Print, from the listing below, the lines starting at the line containing "It supports Bluetooth" and ending at the line containing "This bingo card", exactly as they stand, and print nothing else.

Dataset entries:
↓
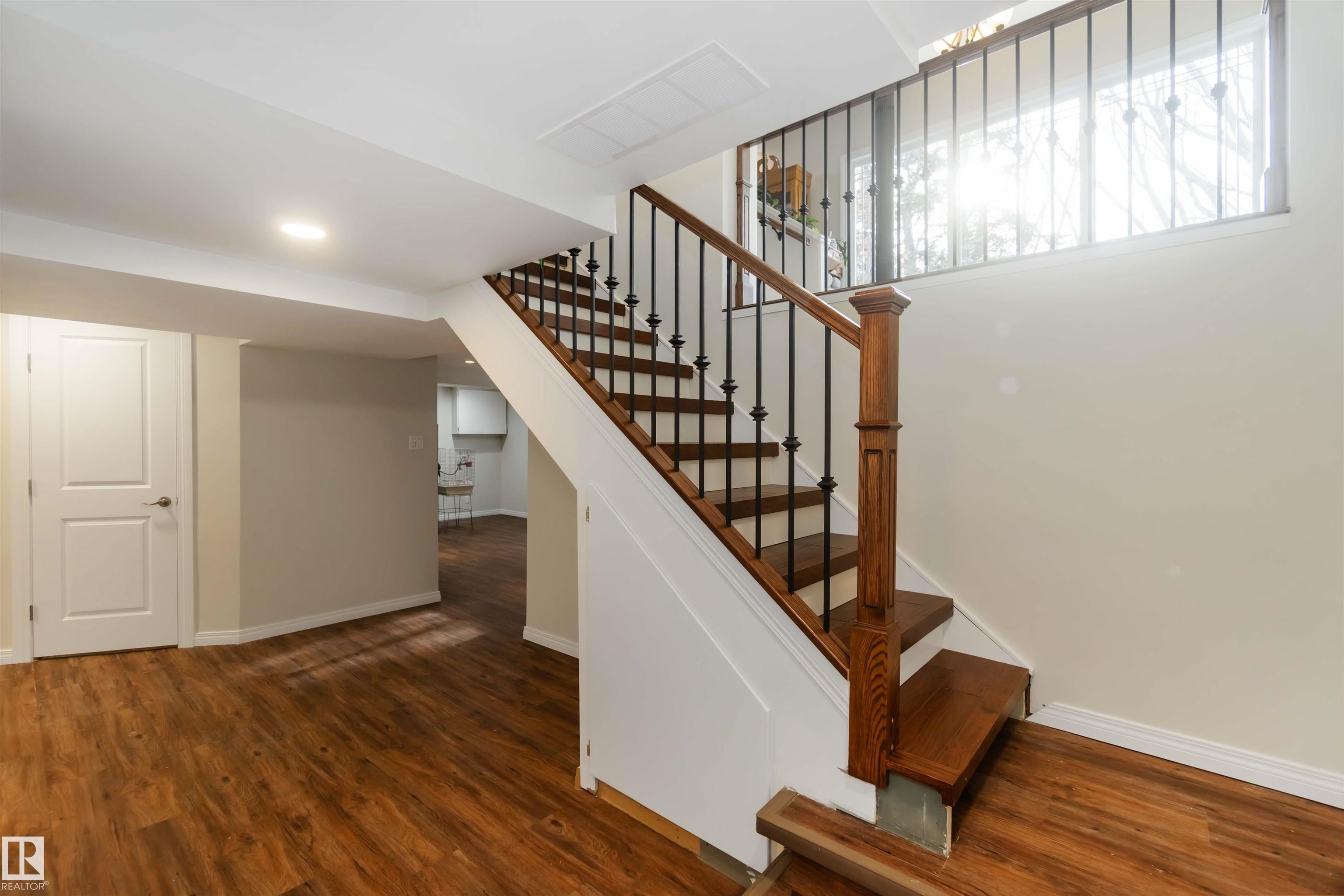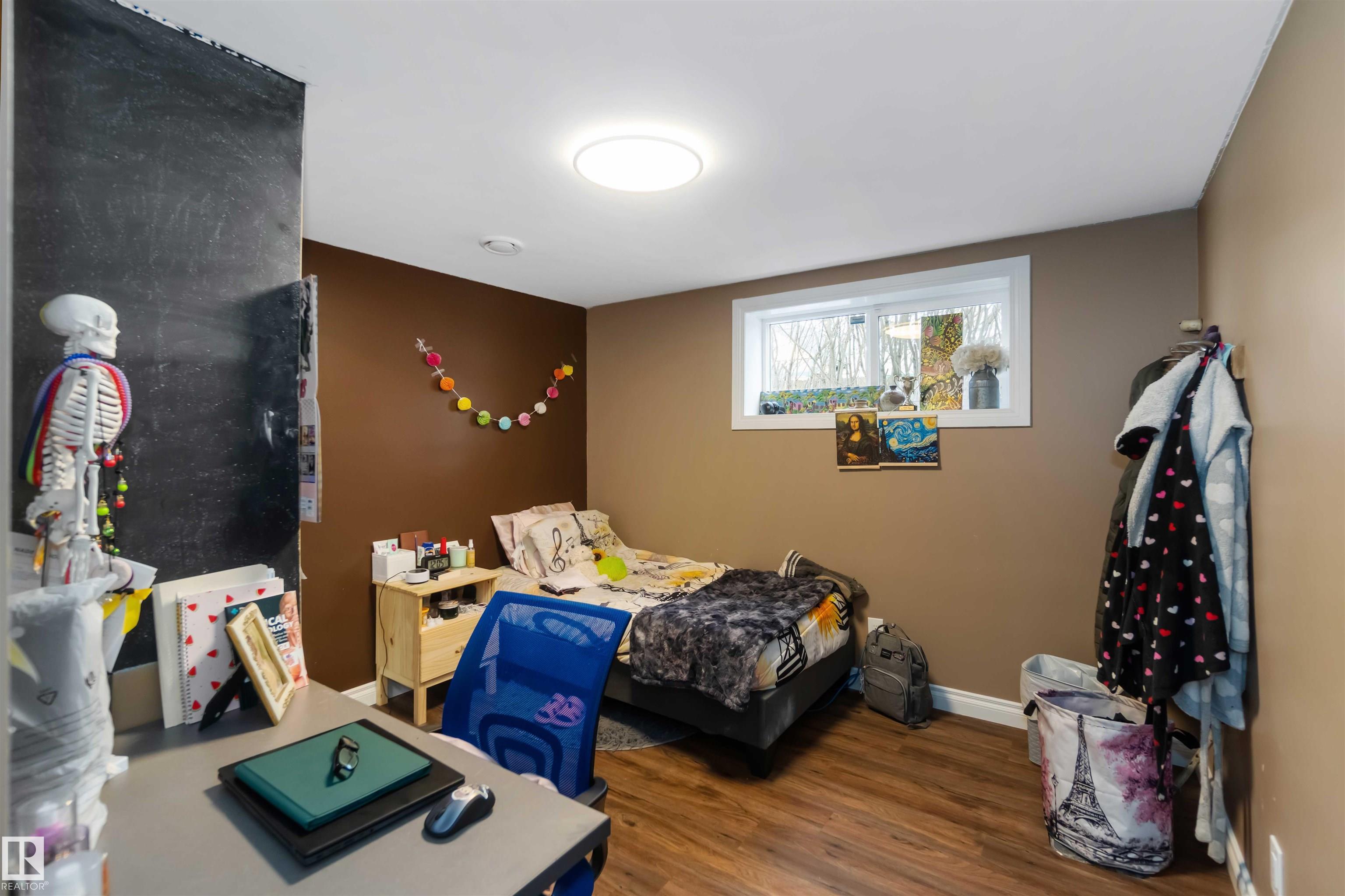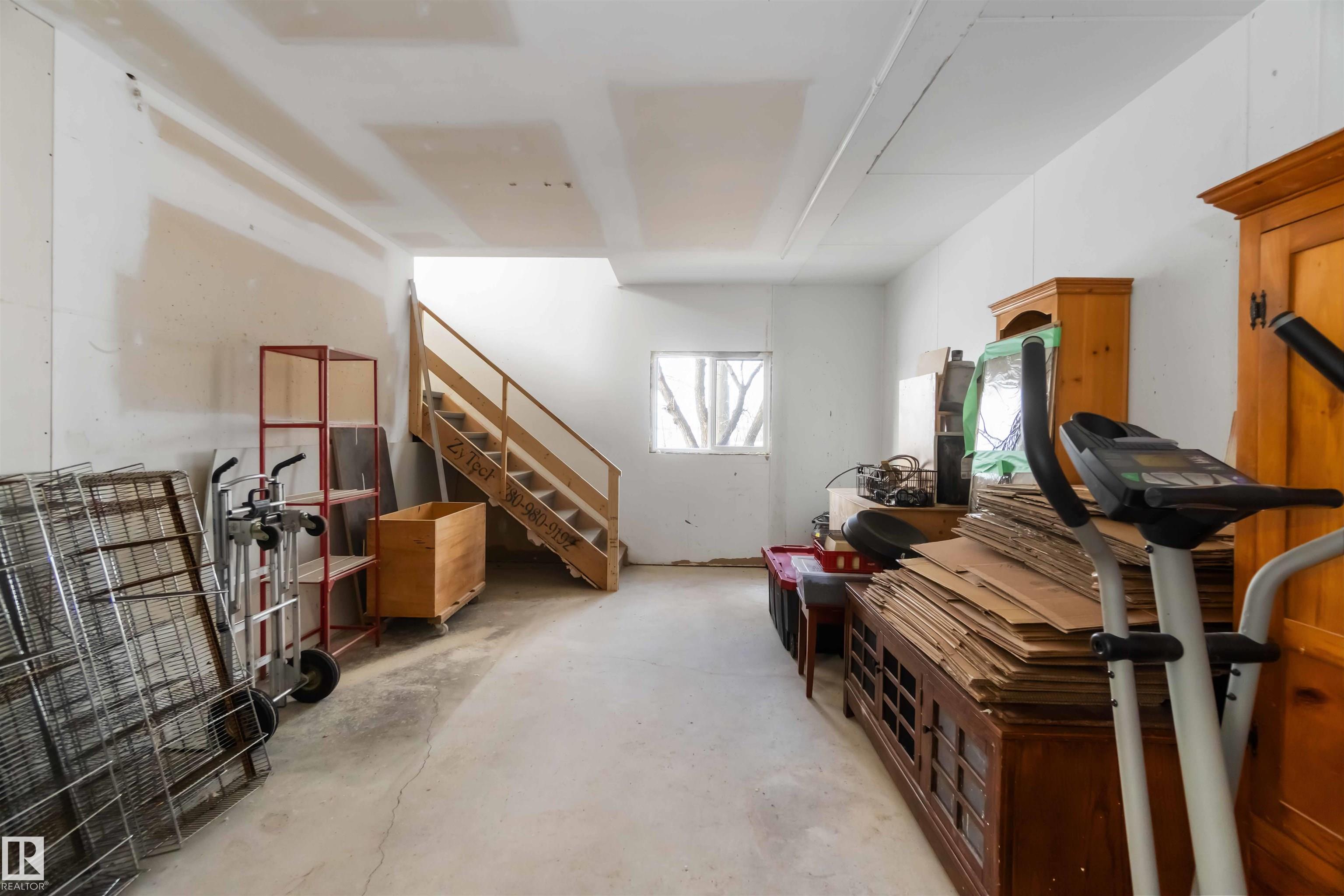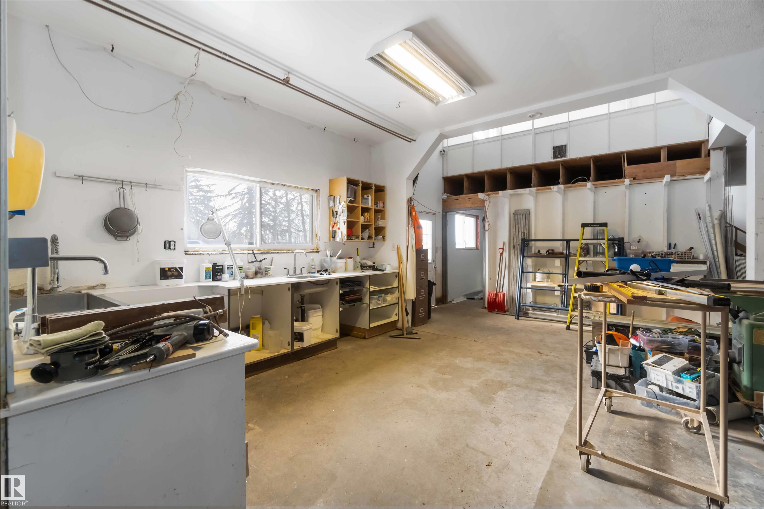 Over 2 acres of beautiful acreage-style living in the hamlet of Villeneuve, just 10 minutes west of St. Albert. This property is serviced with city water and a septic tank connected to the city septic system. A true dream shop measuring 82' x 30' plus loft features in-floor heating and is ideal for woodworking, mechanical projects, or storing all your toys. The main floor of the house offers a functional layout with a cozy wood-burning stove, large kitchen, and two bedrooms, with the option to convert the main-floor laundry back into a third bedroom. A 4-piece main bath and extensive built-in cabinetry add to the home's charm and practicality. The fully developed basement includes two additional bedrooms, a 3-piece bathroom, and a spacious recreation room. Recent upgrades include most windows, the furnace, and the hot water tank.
↑
↓
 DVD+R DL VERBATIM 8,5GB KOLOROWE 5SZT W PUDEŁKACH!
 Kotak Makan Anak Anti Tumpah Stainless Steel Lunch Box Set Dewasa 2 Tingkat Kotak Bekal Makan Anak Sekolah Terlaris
↑
↓
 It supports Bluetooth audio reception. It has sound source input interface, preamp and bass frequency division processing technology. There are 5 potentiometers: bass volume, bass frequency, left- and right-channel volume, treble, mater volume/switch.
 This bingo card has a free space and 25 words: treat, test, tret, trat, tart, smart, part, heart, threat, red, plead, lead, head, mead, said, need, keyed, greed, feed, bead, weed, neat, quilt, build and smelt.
↑
Result:
 It supports Bluetooth audio reception. It has sound source input interface, preamp and bass frequency division processing technology. There are 5 potentiometers: bass volume, bass frequency, left- and right-channel volume, treble, mater volume/switch.
 This bingo card has a free space and 25 words: treat, test, tret, trat, tart, smart, part, heart, threat, red, plead, lead, head, mead, said, need, keyed, greed, feed, bead, weed, neat, quilt, build and smelt.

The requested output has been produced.